» **RECORDS TO USE**
*-*-*

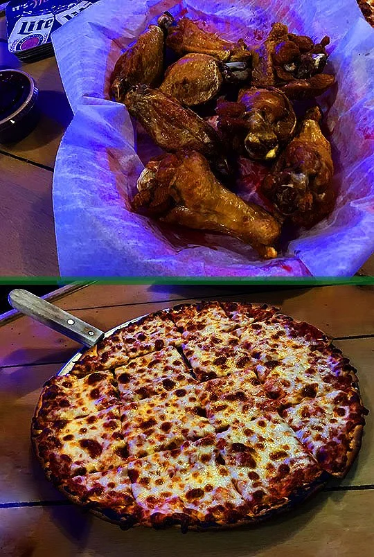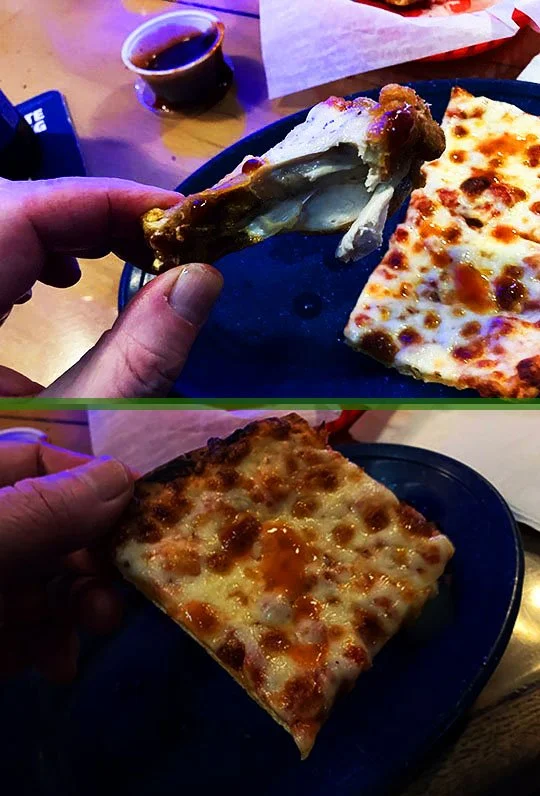 Here’s our Sunday dinner that Nancy and I are splitting. We got an order of chicken wings and a lovely cheese pizza and the food looks delicious! Time to dig in!
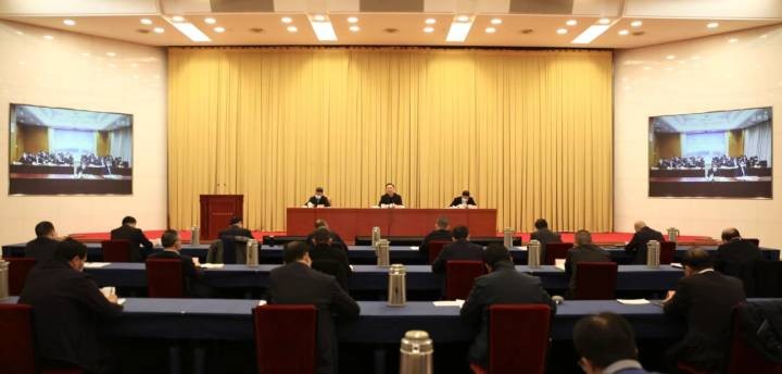 成岳冲作具体工作部署,姚高员、汤飞帆出席。会议采取视频形式召开,各设区市设分会场。
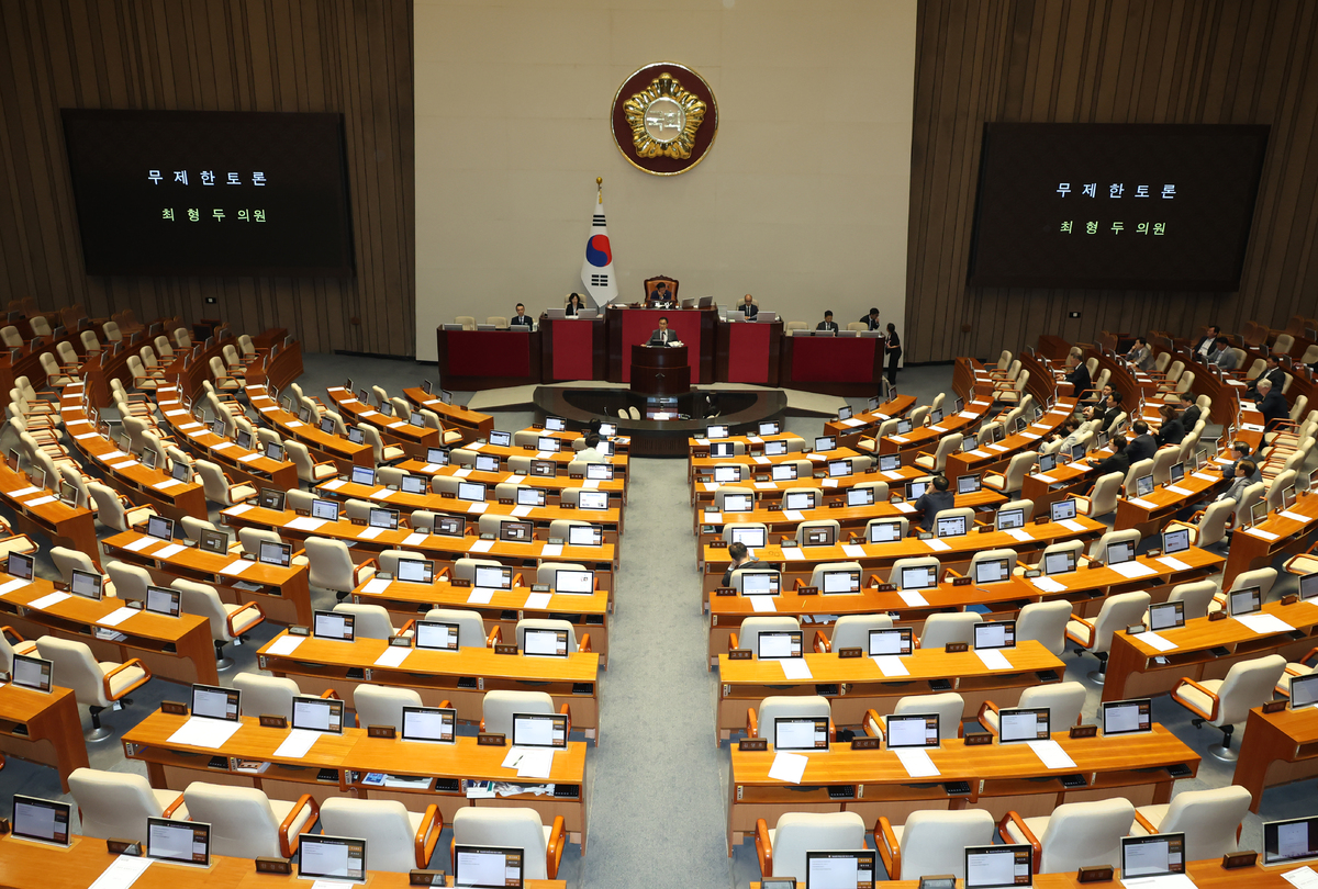 필리버스터는 22일 오전 종결된다. 다만 국민의힘의 전당대회 일정을 고려해 EBS법의 표결은 23일 본회의에서 진행될 전망이다.
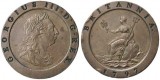 GEORGE III, second issue, copper cartwheel twopence, 1797 (S.3776). Die curl obverse rim 1-3 at 9 o'clock, tiny area of lacquer on reverse rim, extremely ...
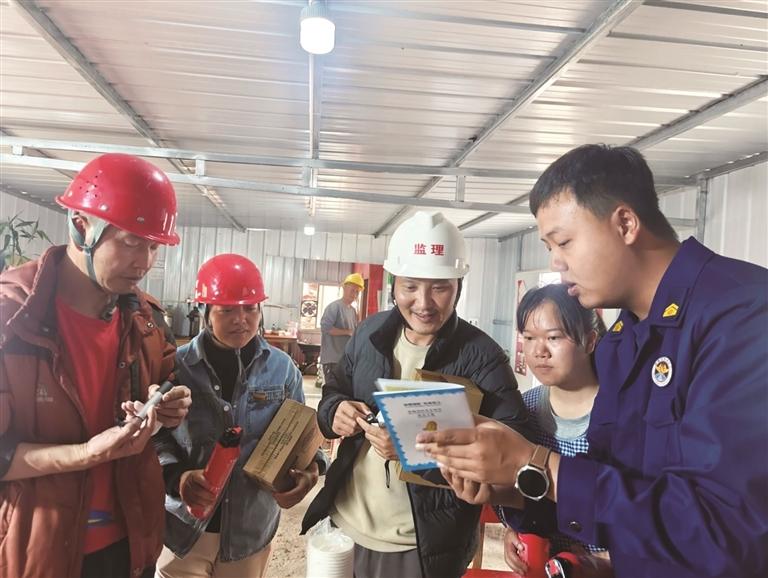 宣講員為工人講解安全常識。圖由拉薩市消防救援支隊(duì)提供
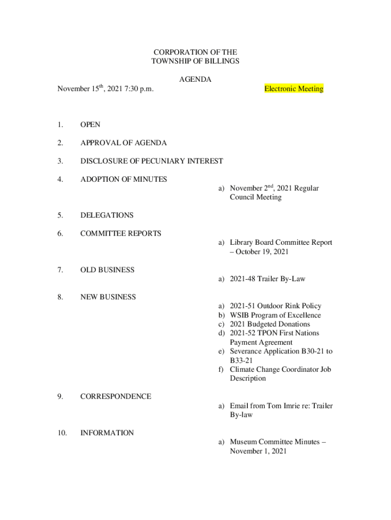 CORPORATION OF THE TOWNSHIP OF BILLINGS AGENDA November 15th, 2021 7:30 p.m.Electronic Meeting1.OPEN2.APPROVAL OF AGENDA3.DISCLOSURE OF PECUNIARY INTEREST4.ADOPTION OF MINUTES a) November 2nd, 2021
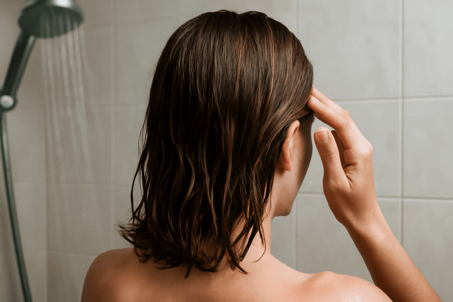 För att åtgärda detta är det fördelaktigt att använda ett schampo utformat för att minska beläggning och behålla balanserad volym. Vårt Grow and Glow schampo är sulfat- och silikonfritt, vilket hjälper till att rena ditt hår utan att ta bort dess naturliga oljor. Detta kan hjälpa till att uppnå ett mer enhetligt utseende över båda sidor av ditt huvud.
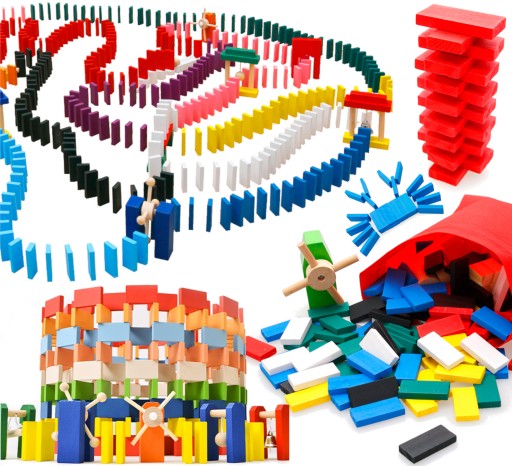 - Nauka przez zabawę - dla dzieci układanie domino może być świetnym sposobem na naukę różnych aspektów, takich jak matematyka (np. liczenie klocków), nauka o równowadze, siłach fizycznych czy związanych z geometrią.

*-*-*

» **ACTION ITEM**
Where a picture appears, skip it and copy the rest of the data word for word.

» **FINISHED EXERCISE**
 Here’s our Sunday dinner that Nancy and I are splitting. We got an order of chicken wings and a lovely cheese pizza and the food looks delicious! Time to dig in!
 成岳冲作具体工作部署,姚高员、汤飞帆出席。会议采取视频形式召开,各设区市设分会场。
 필리버스터는 22일 오전 종결된다. 다만 국민의힘의 전당대회 일정을 고려해 EBS법의 표결은 23일 본회의에서 진행될 전망이다.
 GEORGE III, second issue, copper cartwheel twopence, 1797 (S.3776). Die curl obverse rim 1-3 at 9 o'clock, tiny area of lacquer on reverse rim, extremely ...
 宣講員為工人講解安全常識。圖由拉薩市消防救援支隊(duì)提供
 CORPORATION OF THE TOWNSHIP OF BILLINGS AGENDA November 15th, 2021 7:30 p.m.Electronic Meeting1.OPEN2.APPROVAL OF AGENDA3.DISCLOSURE OF PECUNIARY INTEREST4.ADOPTION OF MINUTES a) November 2nd, 2021
 För att åtgärda detta är det fördelaktigt att använda ett schampo utformat för att minska beläggning och behålla balanserad volym. Vårt Grow and Glow schampo är sulfat- och silikonfritt, vilket hjälper till att rena ditt hår utan att ta bort dess naturliga oljor. Detta kan hjälpa till att uppnå ett mer enhetligt utseende över båda sidor av ditt huvud.
 - Nauka przez zabawę - dla dzieci układanie domino może być świetnym sposobem na naukę różnych aspektów, takich jak matematyka (np. liczenie klocków), nauka o równowadze, siłach fizycznych czy związanych z geometrią.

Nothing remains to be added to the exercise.